_Exercise data_.

..............................

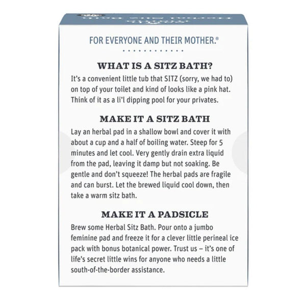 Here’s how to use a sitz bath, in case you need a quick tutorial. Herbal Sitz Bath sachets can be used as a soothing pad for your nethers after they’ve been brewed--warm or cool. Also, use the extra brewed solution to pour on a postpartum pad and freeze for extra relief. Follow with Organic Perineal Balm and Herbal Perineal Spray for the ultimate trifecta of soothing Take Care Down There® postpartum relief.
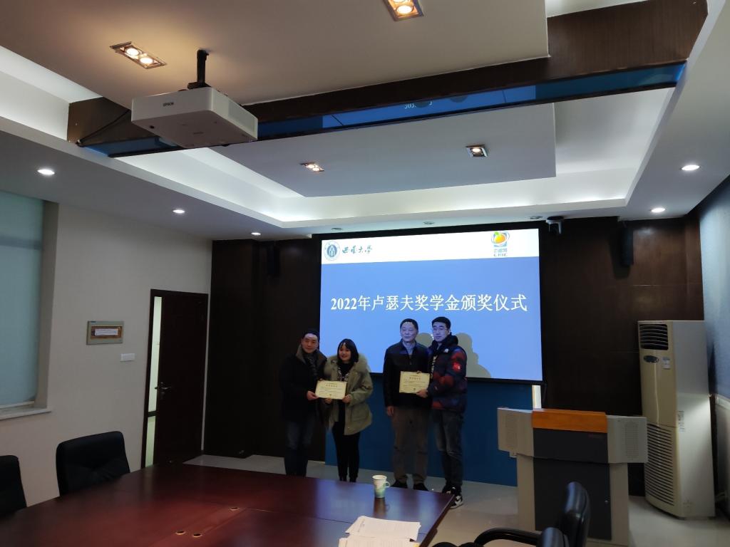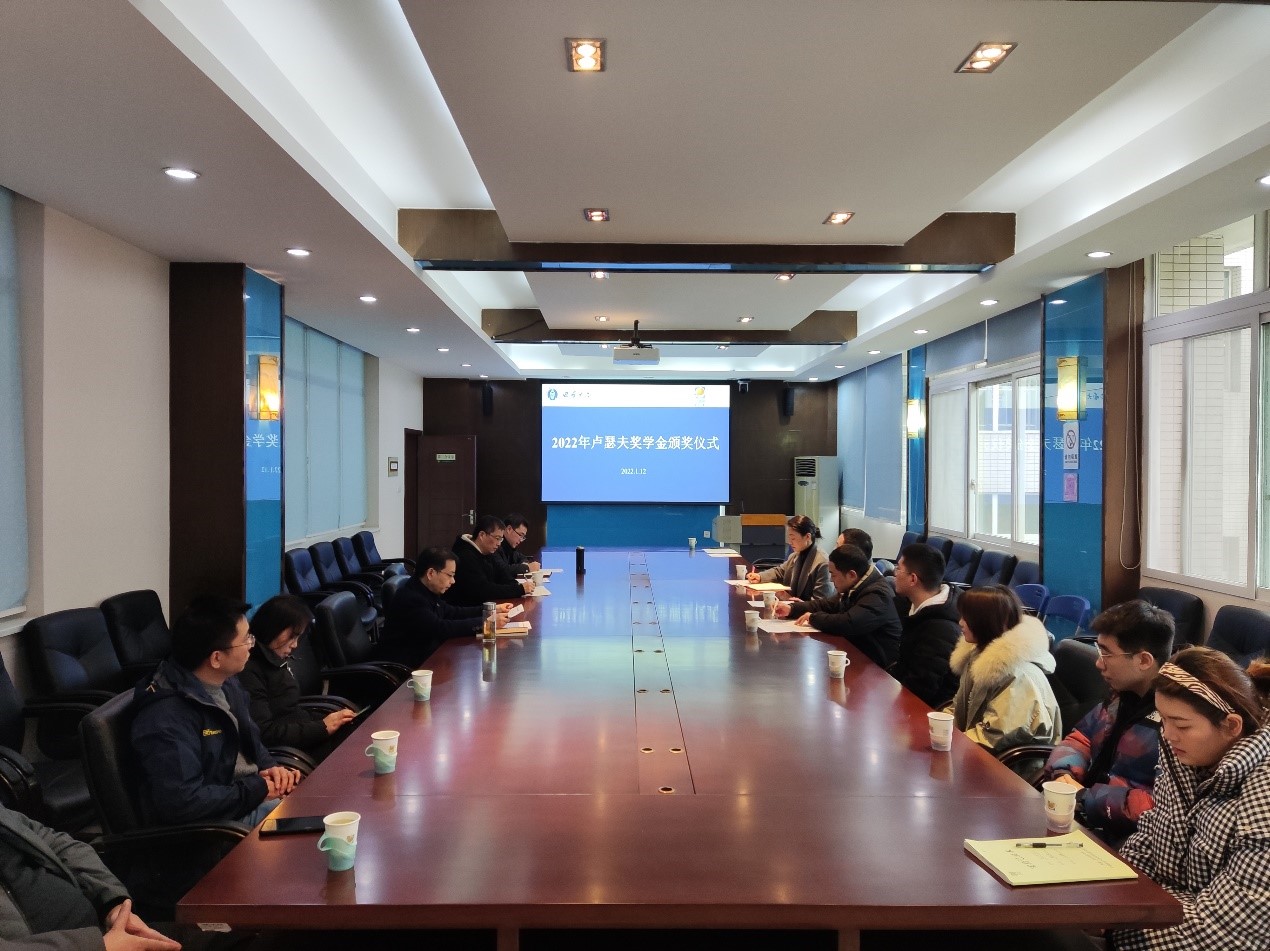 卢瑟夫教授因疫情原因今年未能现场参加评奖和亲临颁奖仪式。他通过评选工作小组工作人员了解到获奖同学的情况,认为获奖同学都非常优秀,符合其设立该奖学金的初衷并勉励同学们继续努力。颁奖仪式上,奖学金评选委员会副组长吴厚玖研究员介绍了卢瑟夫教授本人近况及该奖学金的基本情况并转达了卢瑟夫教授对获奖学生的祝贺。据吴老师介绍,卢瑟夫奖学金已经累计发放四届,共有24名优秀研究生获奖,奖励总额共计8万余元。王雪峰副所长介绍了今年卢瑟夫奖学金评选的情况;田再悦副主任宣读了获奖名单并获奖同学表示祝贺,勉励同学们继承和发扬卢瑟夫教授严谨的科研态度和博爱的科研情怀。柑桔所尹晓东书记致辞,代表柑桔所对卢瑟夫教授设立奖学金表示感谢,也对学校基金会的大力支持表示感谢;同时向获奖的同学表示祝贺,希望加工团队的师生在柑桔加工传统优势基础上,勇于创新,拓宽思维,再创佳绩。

..............................

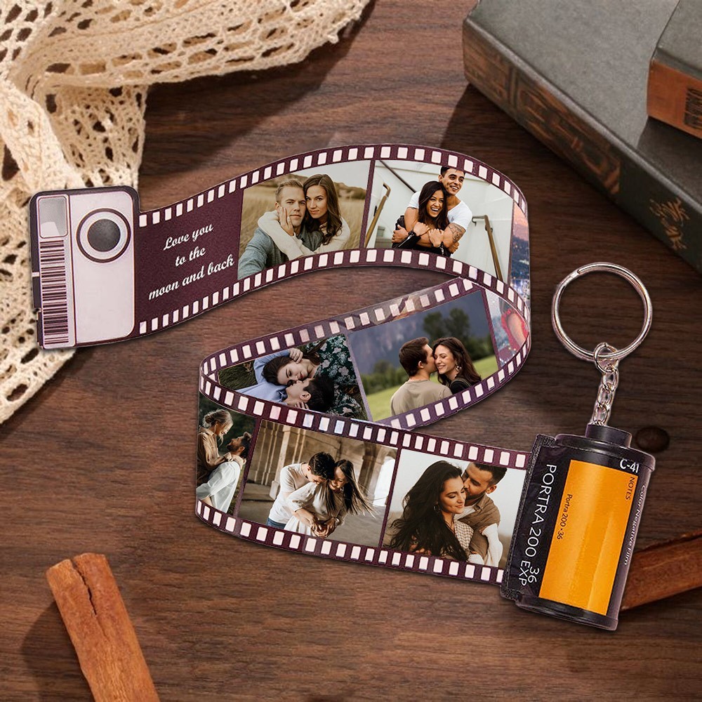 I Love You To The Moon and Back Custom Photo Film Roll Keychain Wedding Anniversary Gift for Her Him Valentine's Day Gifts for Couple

..............................

_Task_. Everything between and including the line above containing "Here’s how to" and the line containing "卢瑟夫教授因疫情原因今年未能" should be reproduced exactly, with pictures excluded.

_Output of the task_.
 Here’s how to use a sitz bath, in case you need a quick tutorial. Herbal Sitz Bath sachets can be used as a soothing pad for your nethers after they’ve been brewed--warm or cool. Also, use the extra brewed solution to pour on a postpartum pad and freeze for extra relief. Follow with Organic Perineal Balm and Herbal Perineal Spray for the ultimate trifecta of soothing Take Care Down There® postpartum relief.
 卢瑟夫教授因疫情原因今年未能现场参加评奖和亲临颁奖仪式。他通过评选工作小组工作人员了解到获奖同学的情况,认为获奖同学都非常优秀,符合其设立该奖学金的初衷并勉励同学们继续努力。颁奖仪式上,奖学金评选委员会副组长吴厚玖研究员介绍了卢瑟夫教授本人近况及该奖学金的基本情况并转达了卢瑟夫教授对获奖学生的祝贺。据吴老师介绍,卢瑟夫奖学金已经累计发放四届,共有24名优秀研究生获奖,奖励总额共计8万余元。王雪峰副所长介绍了今年卢瑟夫奖学金评选的情况;田再悦副主任宣读了获奖名单并获奖同学表示祝贺,勉励同学们继承和发扬卢瑟夫教授严谨的科研态度和博爱的科研情怀。柑桔所尹晓东书记致辞,代表柑桔所对卢瑟夫教授设立奖学金表示感谢,也对学校基金会的大力支持表示感谢;同时向获奖的同学表示祝贺,希望加工团队的师生在柑桔加工传统优势基础上,勇于创新,拓宽思维,再创佳绩。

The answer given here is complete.